Hopefully, I get to be ready in order to get a good score for my Step 1.

Saturday, October 26, 2013

Take a Step Back and Breathe

Almost one and a half months have passed since the announcement of the board exam passing. Where am I now? I have decided to take the USMLE Step 1 on the third or fourth week of January, then Step 2 CK on May and Step 2 CS on the second week of July. How am I feeling about this? I feel calm about it. However, I get some points of hesitations since I have to study everything all over again (well not really all over again). This review is like my refresher course to Medicine since I have just recently took the board exam in the Philippines.

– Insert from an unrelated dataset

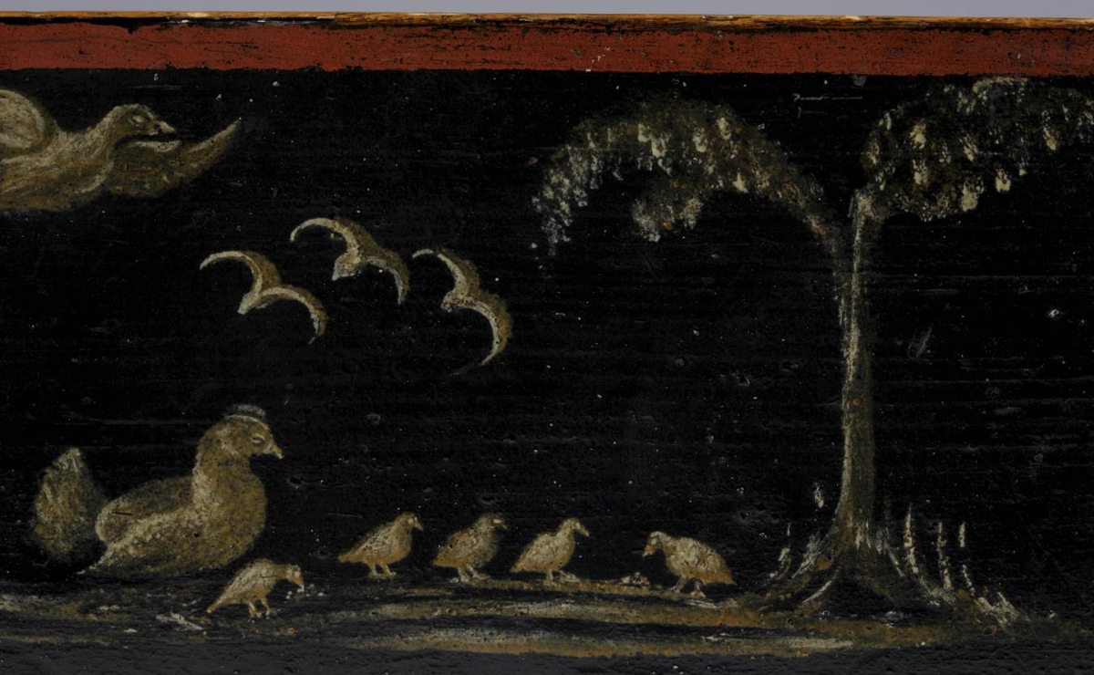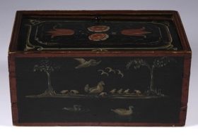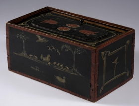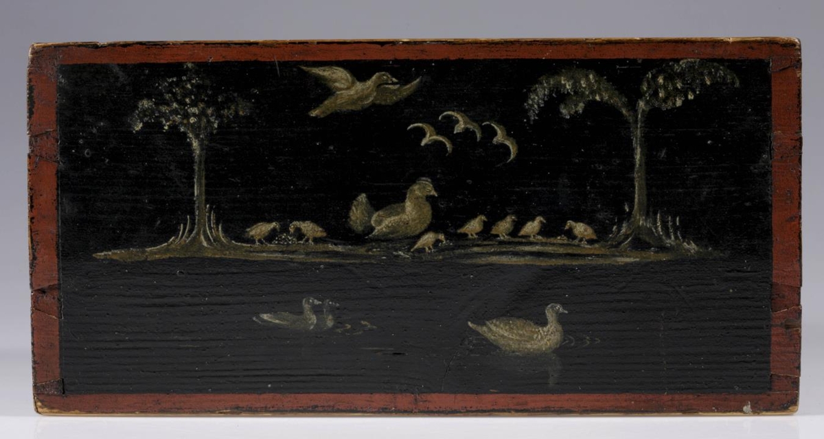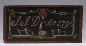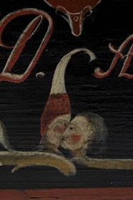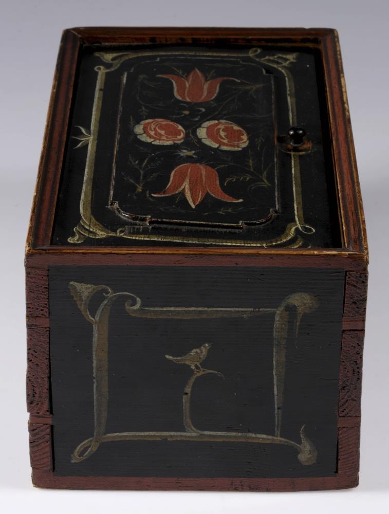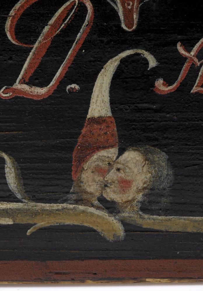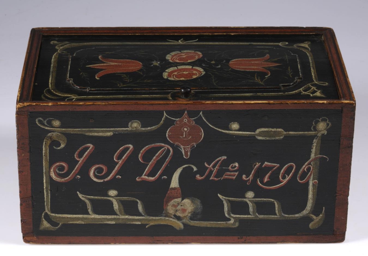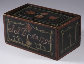 Málaður kistill eftir Jón Hallgrímsson í Kasthvammi. Á framhliðinni er máluð mynd af konu og karli sem kyssast (einungis höfuð þeirra sjást) og er konan búin krókfaldi en karlinn er berhöfðaður. Á framhliðina eru auk þess málaðir stafirnir I I D sem eru upphafsstafir konunnar sem fyrst hefur átt kistilinn (I... J...dóttir) en óþekkt er hver hún var. Á framhliðina er ennfremur málað Ao 1796. Á hliðum kistilsins eru myndir af fuglum og trjám og á lokinu myndir af blómum. Grunnur kistilsins er málaður svartur, en í myndir eru notaðir ýmsir litir, mest rauður og hvítur litur / ljósir litir. Virkilega fallegur og skemmtilegur gripur. Safnið keypti kistilinn af Sigríði Björnsdóttur frá Miklabæ. Móðir Sigríðar hafði keypt kistilinn á uppboði eftir gamla konu á Víðivöllum.

What am I glad bout now is my opportunity to come up with a team building workshop for a group of high school boys. My constant calling for a "gig" like this suddenly came true. I was lucky enough that one of my batchmates thought about me in helping this group. Hopefully, this would turn out well since I am a little bit rusty given the 2-year delay of without practice.

I have also attended an volunteer orientation seminar in Kythe so I can be a part of their volunteer pool (officially). One of the steps that I proposed to take is to go back to Kythe. Why? Since it is where my affirmation to take up medicine started. Maybe I just need to take my white coat off for a while and let it rest for the meantime. Wearing a different set of spectacles might clear things a bit.

Being saturated with the same things can be nauseating.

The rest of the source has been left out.